▶ EXERCISE AIM:
Write out exactly the lines below that run from the one containing "Anthericum liliago, Agavaceae, St." through the one containing "A trolleybus in", both included, with no other lines.

▶ DATA SUPPLIED:

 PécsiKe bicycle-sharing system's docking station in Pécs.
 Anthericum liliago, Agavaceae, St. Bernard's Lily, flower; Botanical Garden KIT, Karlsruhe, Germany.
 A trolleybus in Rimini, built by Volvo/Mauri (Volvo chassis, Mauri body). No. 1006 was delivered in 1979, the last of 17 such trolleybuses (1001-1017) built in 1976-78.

--

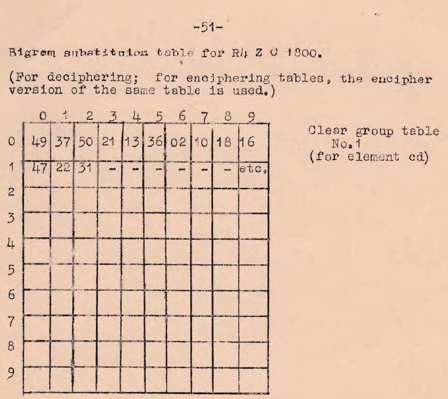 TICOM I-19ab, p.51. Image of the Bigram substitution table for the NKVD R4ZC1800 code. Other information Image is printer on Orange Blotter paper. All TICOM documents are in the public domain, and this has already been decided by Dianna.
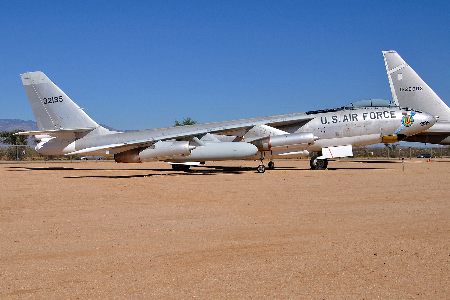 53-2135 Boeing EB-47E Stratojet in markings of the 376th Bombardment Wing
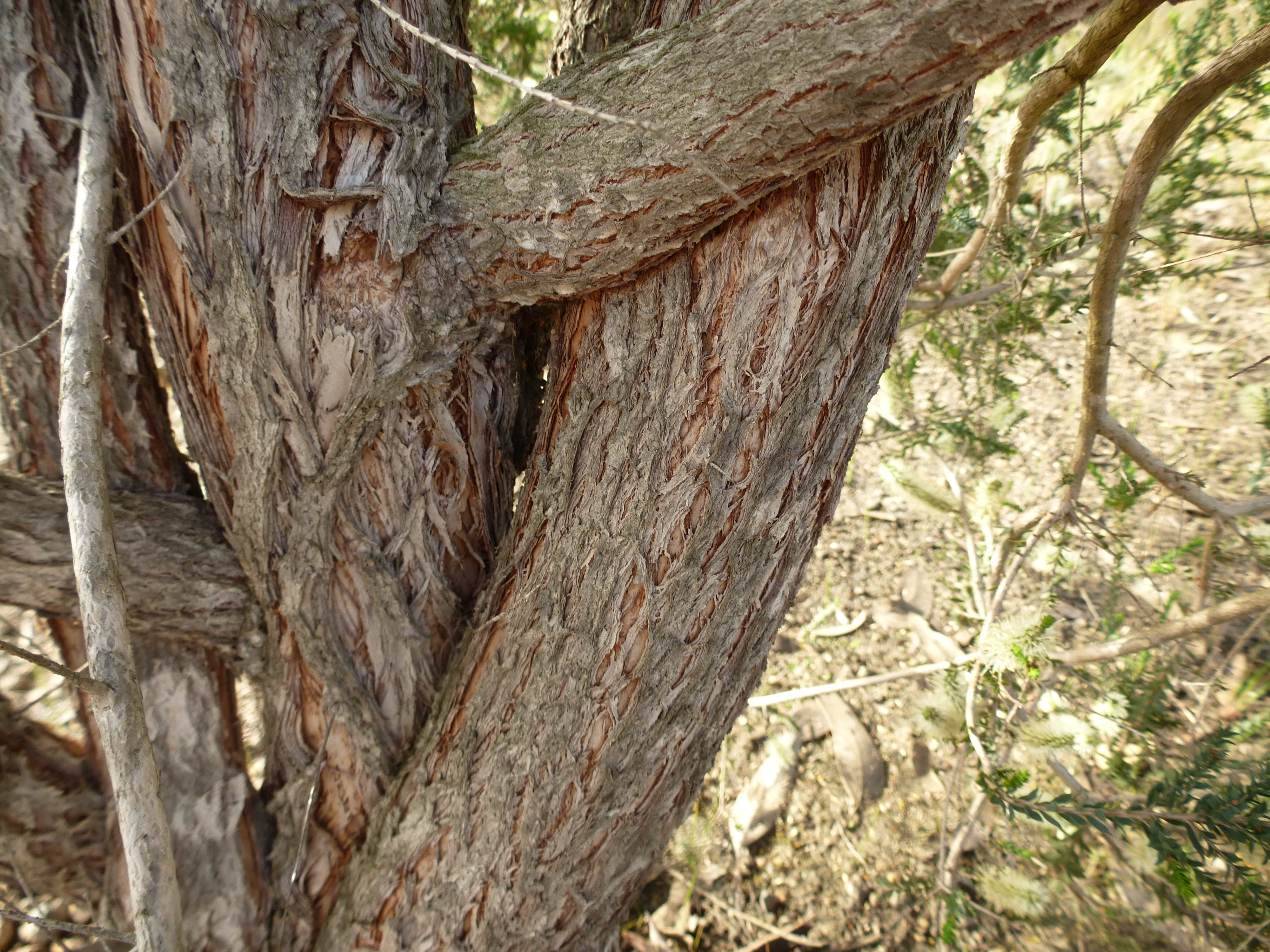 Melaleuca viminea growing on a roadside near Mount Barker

--

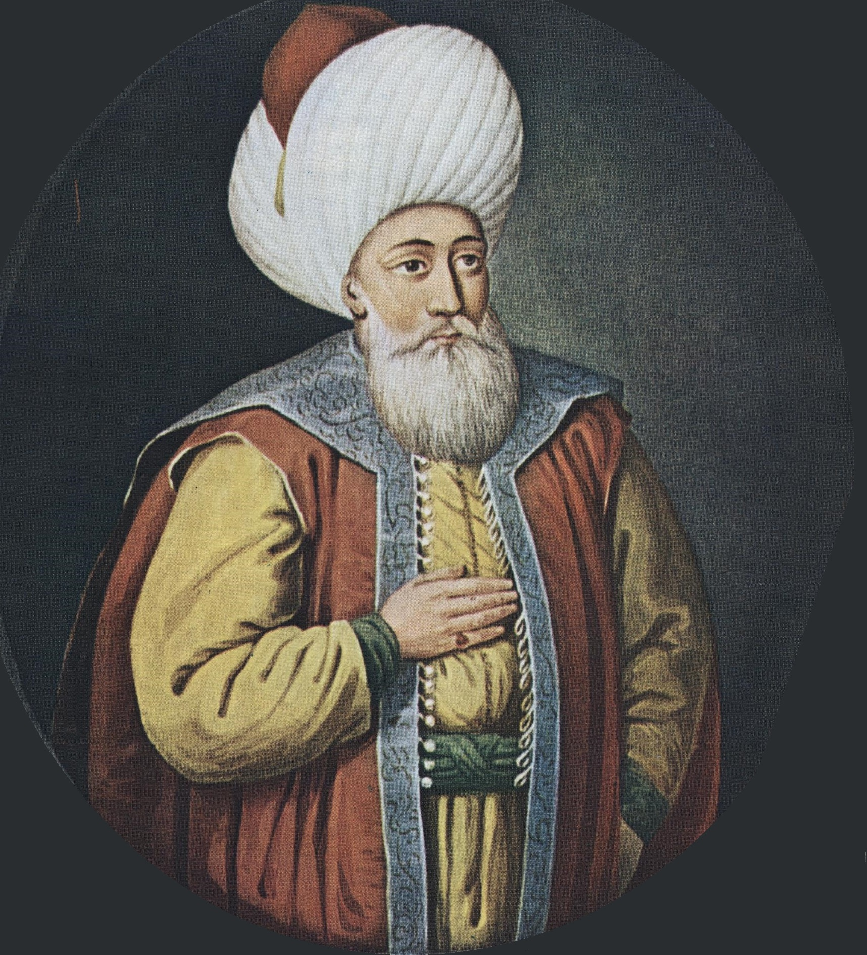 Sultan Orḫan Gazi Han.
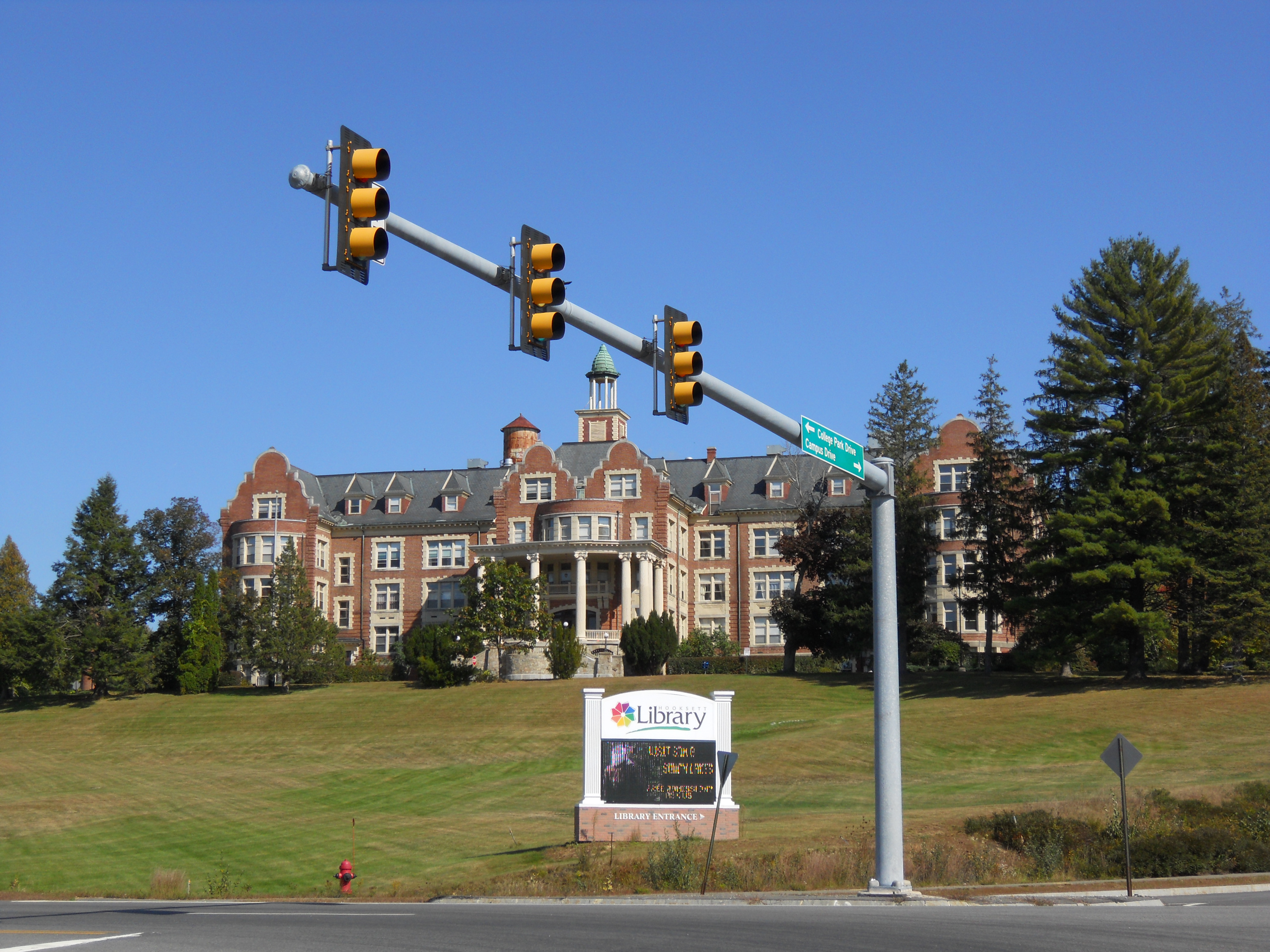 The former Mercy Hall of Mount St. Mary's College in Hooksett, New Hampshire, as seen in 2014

▶ ANSWER TO THIS EXERCISE:
 Anthericum liliago, Agavaceae, St. Bernard's Lily, flower; Botanical Garden KIT, Karlsruhe, Germany.
 A trolleybus in Rimini, built by Volvo/Mauri (Volvo chassis, Mauri body). No. 1006 was delivered in 1979, the last of 17 such trolleybuses (1001-1017) built in 1976-78.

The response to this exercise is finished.